(Dataset extract Opens)

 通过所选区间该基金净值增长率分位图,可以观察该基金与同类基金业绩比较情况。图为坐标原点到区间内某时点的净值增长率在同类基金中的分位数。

(Dataset extract Closes)
(Dataset extract Opens)

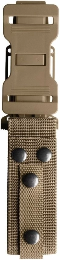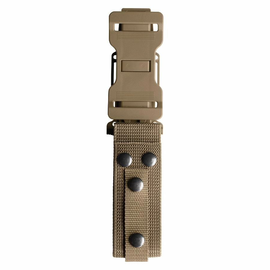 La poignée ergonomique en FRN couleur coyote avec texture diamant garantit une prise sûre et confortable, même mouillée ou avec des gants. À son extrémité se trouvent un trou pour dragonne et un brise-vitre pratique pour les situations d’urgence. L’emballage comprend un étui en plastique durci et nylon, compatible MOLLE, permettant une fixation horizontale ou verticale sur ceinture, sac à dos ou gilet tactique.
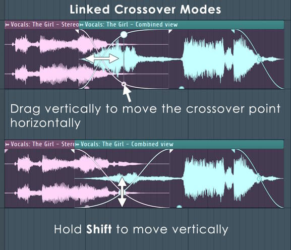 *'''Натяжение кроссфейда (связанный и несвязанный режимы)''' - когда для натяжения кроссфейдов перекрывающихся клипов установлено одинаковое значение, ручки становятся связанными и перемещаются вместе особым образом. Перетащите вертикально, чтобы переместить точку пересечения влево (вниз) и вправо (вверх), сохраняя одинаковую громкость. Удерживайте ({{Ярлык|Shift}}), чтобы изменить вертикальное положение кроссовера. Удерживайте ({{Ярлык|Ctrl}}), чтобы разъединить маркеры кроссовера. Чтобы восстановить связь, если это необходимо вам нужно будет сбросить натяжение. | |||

(Dataset extract Closes)
(Dataset extract Opens)

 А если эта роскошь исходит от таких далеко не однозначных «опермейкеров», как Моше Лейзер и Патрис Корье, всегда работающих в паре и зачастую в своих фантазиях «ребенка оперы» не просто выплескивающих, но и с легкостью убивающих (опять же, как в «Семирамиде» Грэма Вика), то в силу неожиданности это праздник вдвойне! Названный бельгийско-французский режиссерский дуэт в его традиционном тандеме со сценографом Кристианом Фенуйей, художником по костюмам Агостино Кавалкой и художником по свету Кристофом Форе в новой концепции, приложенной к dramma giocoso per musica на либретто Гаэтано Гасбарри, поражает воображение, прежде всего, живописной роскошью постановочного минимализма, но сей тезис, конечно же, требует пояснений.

(Dataset extract Closes)

### How to complete this task:
In the records above, find the line with "La poignée ergonomique" and the line with "натяжение. | |||". Write out exactly those lines and every one between, with no pictures and no other lines.

### Response box:
 La poignée ergonomique en FRN couleur coyote avec texture diamant garantit une prise sûre et confortable, même mouillée ou avec des gants. À son extrémité se trouvent un trou pour dragonne et un brise-vitre pratique pour les situations d’urgence. L’emballage comprend un étui en plastique durci et nylon, compatible MOLLE, permettant une fixation horizontale ou verticale sur ceinture, sac à dos ou gilet tactique.
 *'''Натяжение кроссфейда (связанный и несвязанный режимы)''' - когда для натяжения кроссфейдов перекрывающихся клипов установлено одинаковое значение, ручки становятся связанными и перемещаются вместе особым образом. Перетащите вертикально, чтобы переместить точку пересечения влево (вниз) и вправо (вверх), сохраняя одинаковую громкость. Удерживайте ({{Ярлык|Shift}}), чтобы изменить вертикальное положение кроссовера. Удерживайте ({{Ярлык|Ctrl}}), чтобы разъединить маркеры кроссовера. Чтобы восстановить связь, если это необходимо вам нужно будет сбросить натяжение. | |||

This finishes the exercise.